## Exercise goal
For this exercise, the lines from the one with "서울탑치과병원, 엠디세이프(의료기간 감염관리" through the final line of the data below are to be transcribed exactly, and pictures are to be skipped.

## Stored data

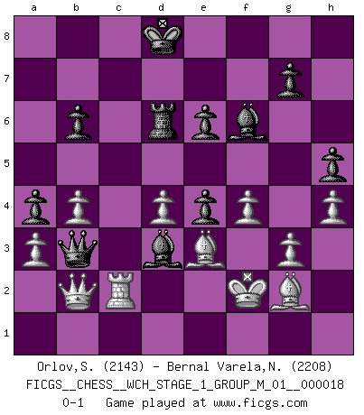 Last move : 0-1 2017 October 25 15:23:1 [Event "FICGS__CHESS__WCH_STAGE_1_GROUP_M_01__000018"] [Site "FICGS"] [Date "2017.07.01"] [Round "1"] [White "Orlov,Vladimir"] [Black "Bernal Varela,Nelson"] [Result "0-1"] [WhiteElo "2143"] [BlackElo "2208"] 1.e4 e6 2.d4 d5 3.Nc3 Nf6 4.e5 Nfd7 5.f4 c5 6.Nf3 Nc6 7.Be3 Be7 8.Qd2 a6 9.a3 b6 10.Bd3 O-O 11.O-O f6 12.exf6 Nxf6 13.Ne5 Qc7 14.Nxc6 Qxc6 15.Be2 Bb7 16.Bf3 Ne4 17.Nxe4 dxe4 18.Bg4 Rad8 19.c3 Bf6 20.Rac1 a5 21.Rfd1 cxd4 22.cxd4 Qd5 23.b4 a4 24.Rc7 Ba6 25.Rdc1 Bb5 26.g3 Rf7 27.h4 Rxc7 28.Rxc7 h6 29.Bh3 Rd6 30.Bg4 Kf8 31.Kf2 h5 32.Bh3 Ke8 33.Rc3 Bd3 34.Rc8+ Ke7 35.Qb2 Bb5 36.Rc7+ Kd8 37.Rc2 Qb3 38.Bg2 Bd3 0-1 French : Steinitz, Boleslavsky variation Kingside Castling by player Black (move 10) Kingside Castling by player White (move 11) Player Black won this chess game. Follow this game move after move (download)Fischer prefers to enter Chess history alone. (Miguel Najdorf) Am wohlsten fühle ich mich, wenn ich sehe, wie sich mein Gegner im Todeskampf windet. (Robert James Fischer) Personalmente, yo prefiero mirar hacia el futuro en donde un programa de computadora gane el título mundial de Ajedrez. La humanidad necesita una lección de humildad. (Richard Dawkings) Une platitude souvent récitée à propos des Echecs est qu'une des choses les plus difficiles à réaliser est de gagner une position gagnante. Cela ne manque pas de sens mais, pour ma part, j'ai toujours trouvé plus difficile de gagner une position perdante. (Tim Krabbe) Go and wake up your luck. (Persian saying)
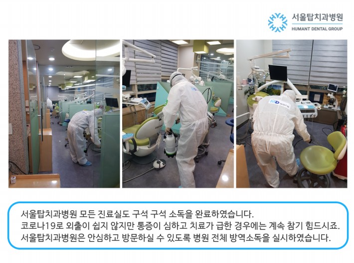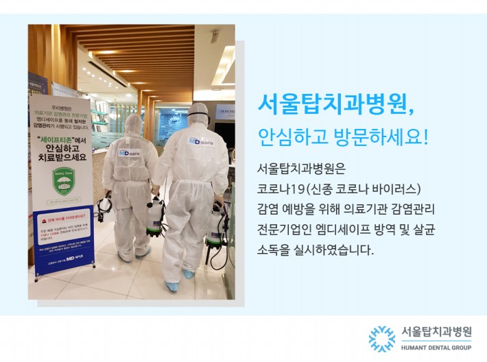 서울탑치과병원, 엠디세이프(의료기간 감염관리 전문기관)와 함께 병원 전체 방역 소독 실시!
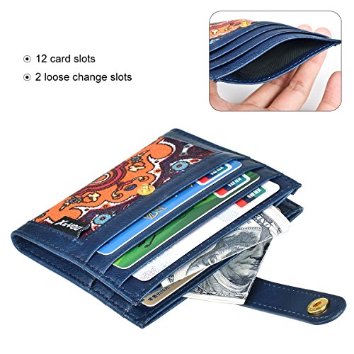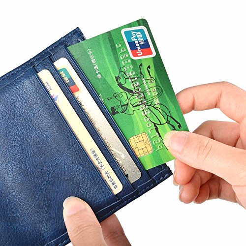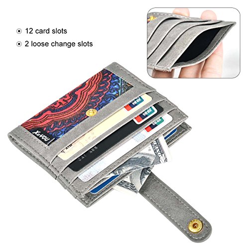 -. Feature : MADE FROM PU LEATHER WITH CANVAS : This thin card sleeve is made from pu leather with canvas ,durable and stylish .Comfortable to use. Great slim card sleeve wallet for carrying your most frequently used cards and some bills. / ULTRA SLIM FRONT POCKET WALLET: The leather card holder is designed to be slim and feels amazingly soft. Sturdy enough to last a long time, its super slim figure makes it easy to slide into your front pocket. It is thin, fits perfect in your pocket and can hold at least 12 cards and some folded cash comfortably. / SLIM WALLET CARD HOLDER CASE MEASURES: 4.0L x 0.5D x 3.5W inches . 6 card slots on either size and 2 top middle compartment where you can put notes, receipts or some folded cash, giving you a bulk free pocket while feeling thin and light. / SPECIAL MINIMALIST WALLET DESIGNED - STRAP WITH SNAP BUTTON: The slim front pocket wallet is very simple and personality, it is not only lightweight, it sewing a strap with snap button to prevent cards and cash drop. / DAILY USE AND DRESS COLLOCATION: It is perfect for a night out tucked away almost invisibly in your pocket and it won't look like that you are bring a brick when you are bringing all the necessary. Professional for business cards or a small wallet which carry the cards you often use .Whether you wear jeans, shorts, or slacks, it fits perfectly in front or back pocket without being noticed. Ideal gift for your family members and friends.

## Solution below
 서울탑치과병원, 엠디세이프(의료기간 감염관리 전문기관)와 함께 병원 전체 방역 소독 실시!
 -. Feature : MADE FROM PU LEATHER WITH CANVAS : This thin card sleeve is made from pu leather with canvas ,durable and stylish .Comfortable to use. Great slim card sleeve wallet for carrying your most frequently used cards and some bills. / ULTRA SLIM FRONT POCKET WALLET: The leather card holder is designed to be slim and feels amazingly soft. Sturdy enough to last a long time, its super slim figure makes it easy to slide into your front pocket. It is thin, fits perfect in your pocket and can hold at least 12 cards and some folded cash comfortably. / SLIM WALLET CARD HOLDER CASE MEASURES: 4.0L x 0.5D x 3.5W inches . 6 card slots on either size and 2 top middle compartment where you can put notes, receipts or some folded cash, giving you a bulk free pocket while feeling thin and light. / SPECIAL MINIMALIST WALLET DESIGNED - STRAP WITH SNAP BUTTON: The slim front pocket wallet is very simple and personality, it is not only lightweight, it sewing a strap with snap button to prevent cards and cash drop. / DAILY USE AND DRESS COLLOCATION: It is perfect for a night out tucked away almost invisibly in your pocket and it won't look like that you are bring a brick when you are bringing all the necessary. Professional for business cards or a small wallet which carry the cards you often use .Whether you wear jeans, shorts, or slacks, it fits perfectly in front or back pocket without being noticed. Ideal gift for your family members and friends.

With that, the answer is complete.